I like people who have survived or are surviving. I like people who are open with their vulnerabilities, “failures”, and desperation. I like those that despite the protective layers of armour they have built up around them, their heart still bursts free of their chest like a child that has yet to be hurt. Because when you have been forced to survive against all odds, you truly understand the value of even the smallest expressions of love. It’s not that you will always be able to offer it. In fact, in times of survival, when your tap is completely run dry, sometimes all you can do is take from others. The times I’ve been in survival mode have been some of the most selfish and needy of my life. But that is when you learn the value of a kind face, or a helpful gesture. When you feel completely alone in the world it means everything for someone to see you and not overt their eyes, despite how ugly survival may make you. And I’ve been real ugly.
I call us, ‘the invisible people’. We are the people society either shuns intentionally or simply forgets. The elderly; tucked quietly away in homes. The epitome of “out of sight, out of mind.”. The homeless; who are almost the polar opposite. They are in your face at the station where you get off for work, they interrupt your night out asking for money so that they might eat, or god forbid, spend it on drugs to feel good for a few minutes. These people are not hidden, but they are not seen. I’m not sure which is worse. I get along with criminals and people who live on the fringe of society. It’s so easy to demonise something we don’t understand but if you have really had to survive. I mean, fight for your own life, or that of your families’, not just for a day, but day in, day out, year after year; it’s much easier to have compassion for those that ‘break the rules’ in order to survive. People with chronic or long-term illnesses are similar to the elderly. Friends will come and offer support at first, but as they start to realise that you are not getting better, and this is a life-long adjustment, it becomes boring. It’s human nature to shy away from situations that make us feel helpless, and being with a chronically sick person usually highlights that helplessness in us. But it means that many of us with chronic illness become more and more isolated, depressed and of course, invisible.

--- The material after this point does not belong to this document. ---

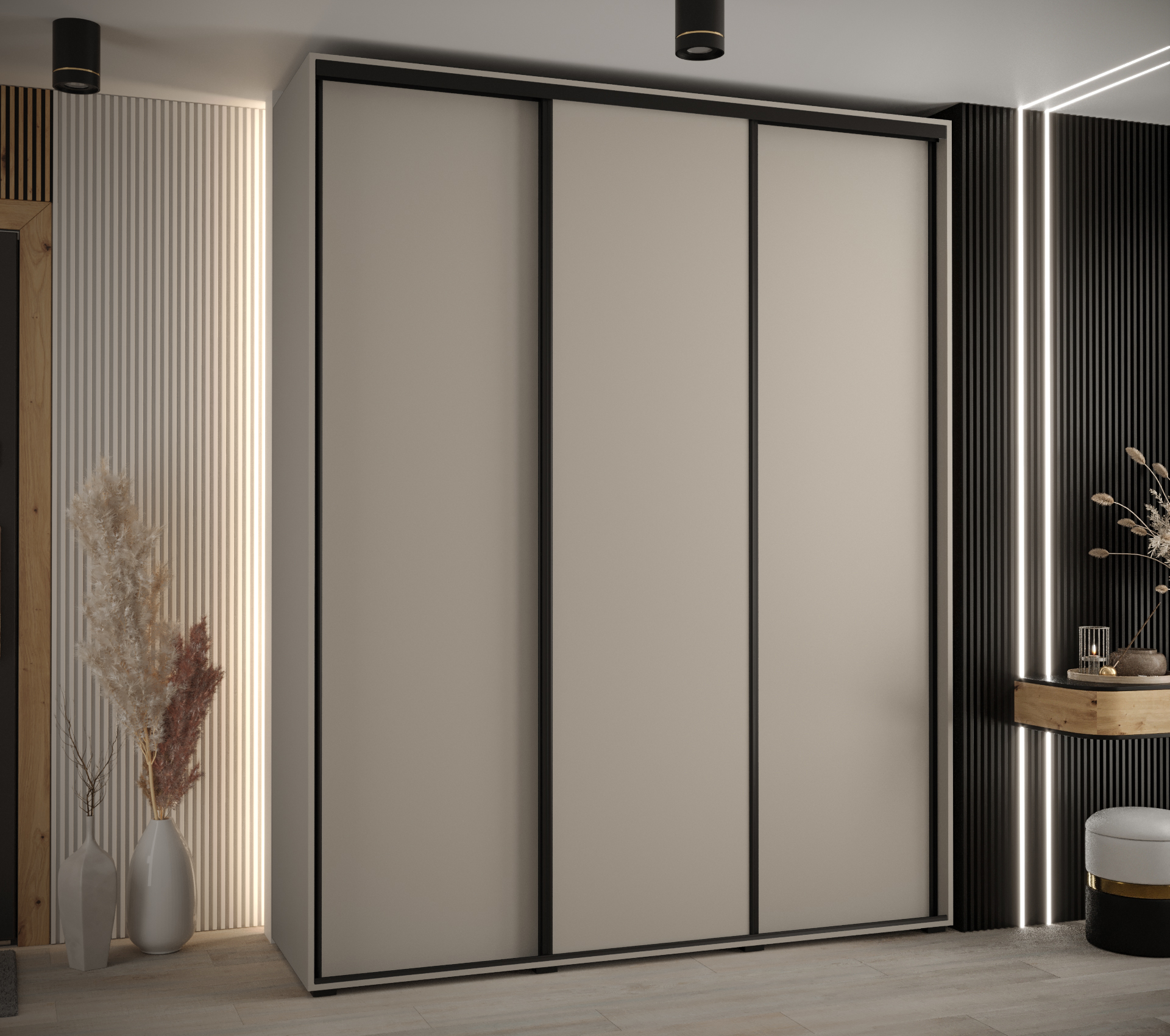 - Stylové provedení: Korpus a dveře skříně v barvě Kašmír doplňují černé úchyty, což dodává skříni moderní vzhled.

The final semester of my degree (2016) was probably the worst time of my life. I almost didn’t return, and in hindsight it was probably too soon to be back. The short version is this; my relationship of 7-years had ended hideously, against my choosing. I’d watched my best friend deteriorate rapidly from brain cancer and subsequently pass away. And my father had died unexpectedly in the Middle East, from circumstances I still find suspicious. This was all in the space of about 5 months. I think that would be enough to make anyone snap but add to that my crippling co-dependency, co-morbid mental and physical illnesses, and the fact that I was now living alone for the first time in my entire life; I felt like I couldn’t breathe. I cried so much I didn’t even know where the tears were coming from anymore. The breaking of my heart was a physical searing in my chest, and convulsive gripping in my gut, that I was convinced would kill me. I truly believed I would die of a broken heart, and I am now sure that is possible. Every second I was awake I either had a drink in my hand, a line up my nose, or a pill down my throat. On a “good” day, all three. But I didn’t want to be awake. I wanted to sleep through the grief and wake up when it was done…or just never wake up. Either way, I honestly didn’t care. I was not coping, but despite myself I was going to survive.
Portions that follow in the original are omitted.